Der nächste globale Klimastreik steht an. Bild: www.imago-images.de / imago images
Gastbeitrag

"Die eskalierende Klimakrise macht eine friedliche Welt unmöglich": Fridays for Future über die Zusammenhänge von Krisen

25.03.2022, 11:4226.03.2022, 13:06
jule pehnt, gastautorin

Momentan befinden wir uns in einem Zustand, in dem die Welt den Atem anhält. Fassungslos schauen wir uns das Weltgeschehen an und können nicht glauben, wozu wir als Menschheit imstande sind.

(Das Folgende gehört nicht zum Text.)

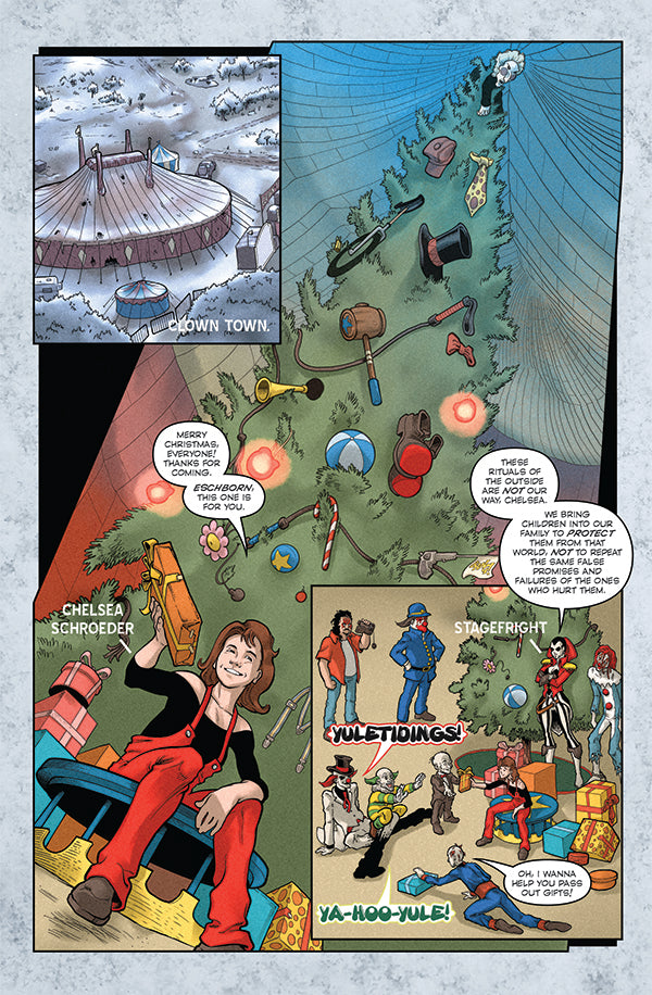 The Vicious Circus 2021 Christmas Special is a 24-page, self-contained tale of your favorite anti-hero killer clowns, running amok through the holiday season right alongside Santa himself. The Christmas Special is written by Vicious Circus co-creator Kevin LaPorte and illustrated by Carlos Tron, with colors by Daniele Caramanico (the art team from Squared Circle Comics' Hollywood).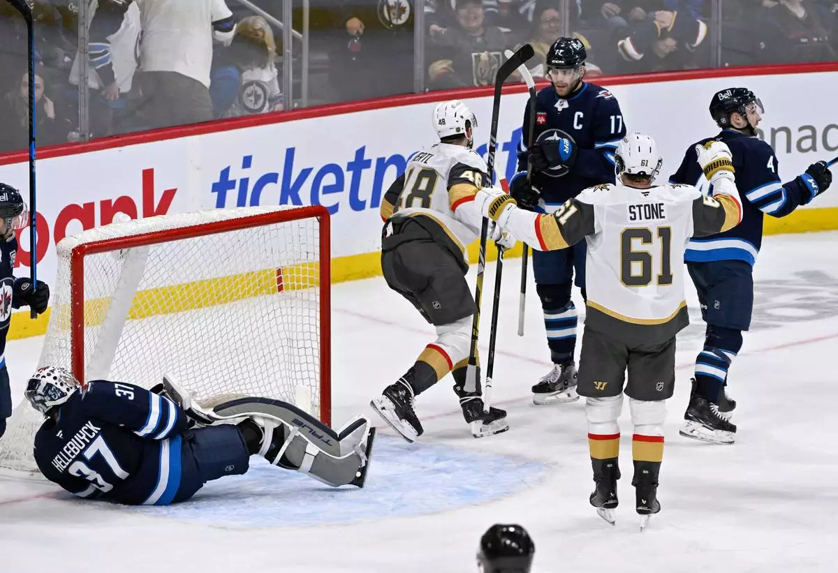 WINNIPEG, Manitoba (AP) — Tomas Hertl scored on the power play at 4:47 of overtime and the Vegas Golden Knights beat Winnipeg 4-3 on Tuesday night, handing the Jets their 10th straight loss.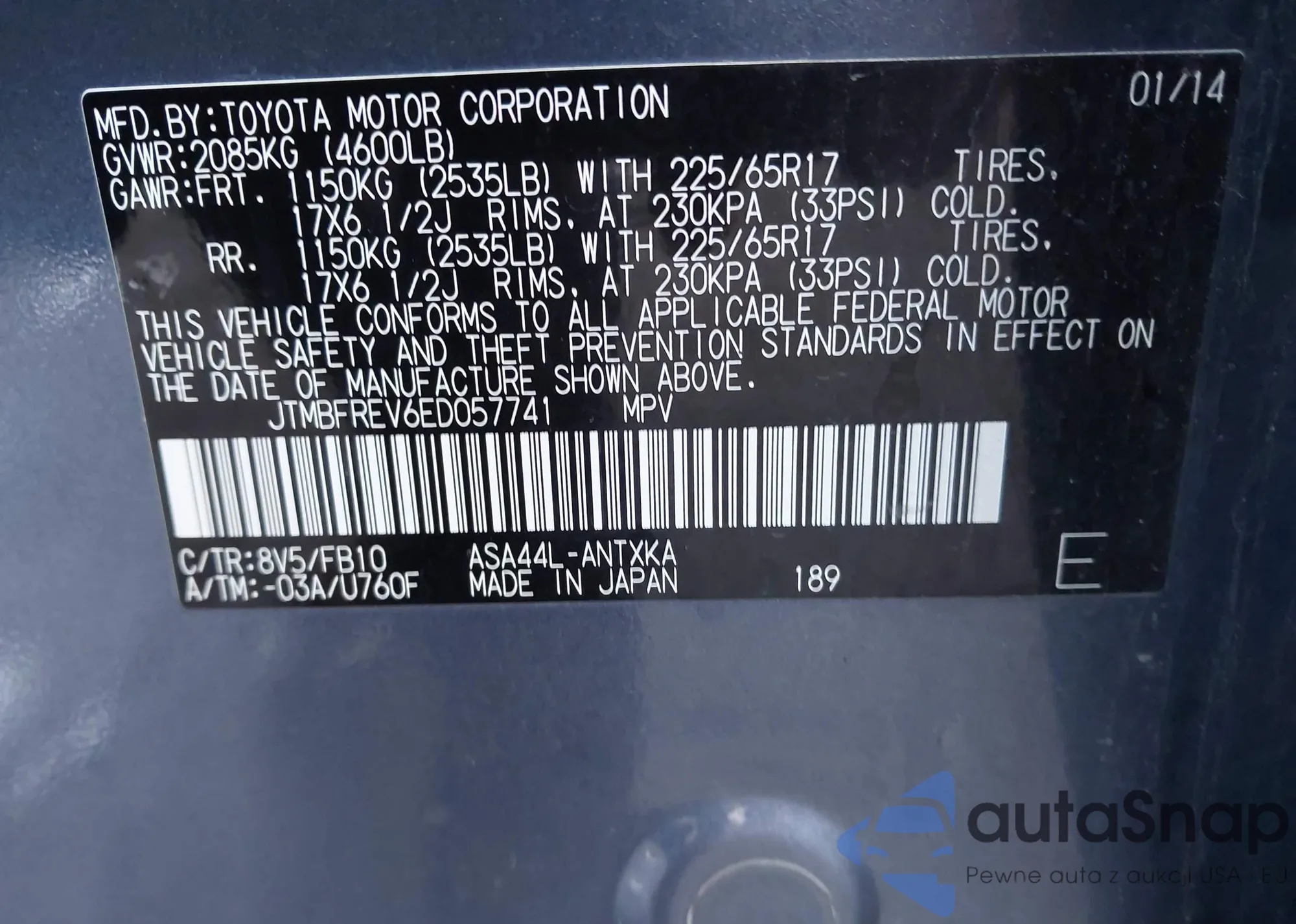 • VIN JTMBFREV6ED057741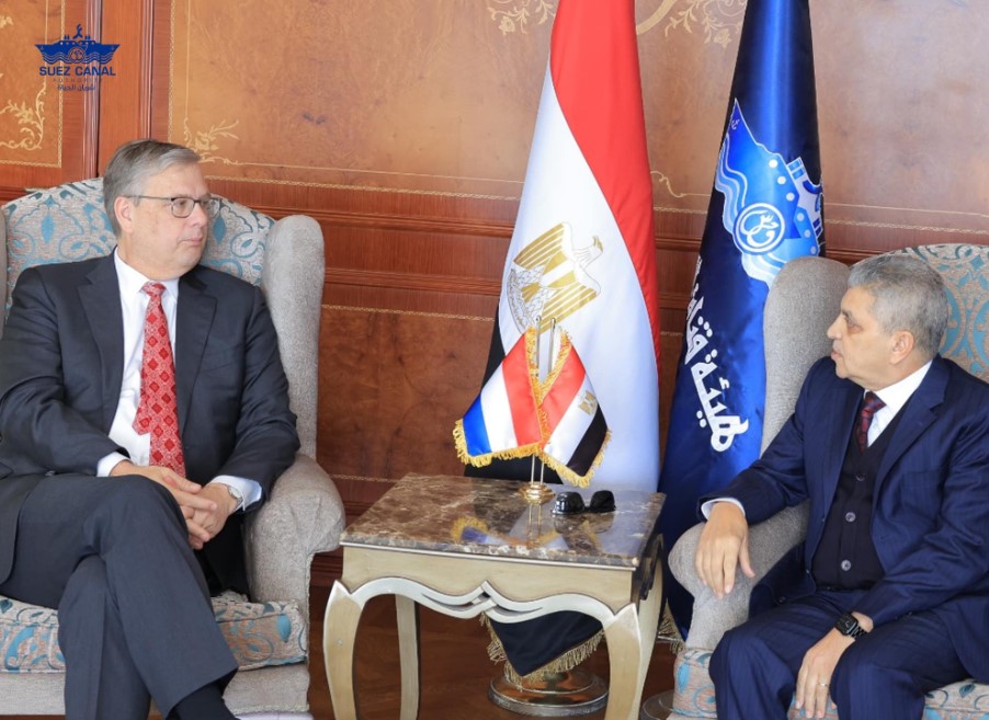 Osama Rabie, the Chairman of the Suez Canal Authority (SCA), this week met with Peter Mollema, the Dutch Ambassador to Cairo, to discuss ways of boosting joint cooperation in the fields of training and green transformation.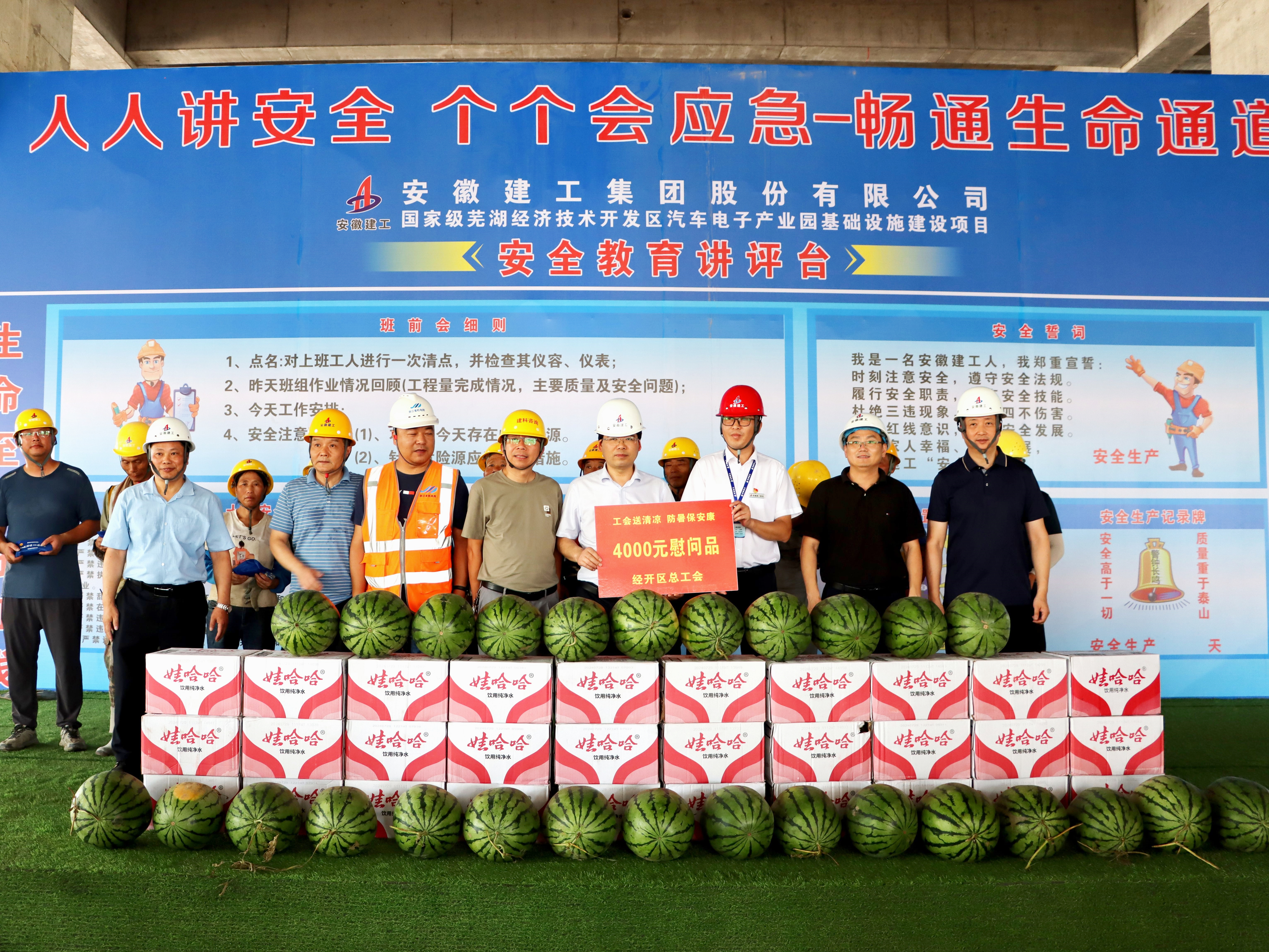 芜湖经开区党工委书记、管委会主任曹小明带队赴芜湖汽车电子产业园基础设施建设项目开展夏季“送清凉”慰问活动

Wir haben in den letzten Jahren als Generation und als Gesellschaft durch Corona gelernt, was es heißt, stillzustehen. Denn das war die größte Hilfe, die wir leisten konnten. Wir haben gelernt, was Solidarität heißt. Gerade jetzt bei diesem Krieg und seit Jahrzehnten bei der Klimakrise, merken wir jedoch, dass stillstehen und zuschauen keine Option ist, dass Solidarität Handeln heißt. Krisen überschlagen sich, feuern sich gegenseitig an und vor allem kosten sie jeden Tag Menschenleben.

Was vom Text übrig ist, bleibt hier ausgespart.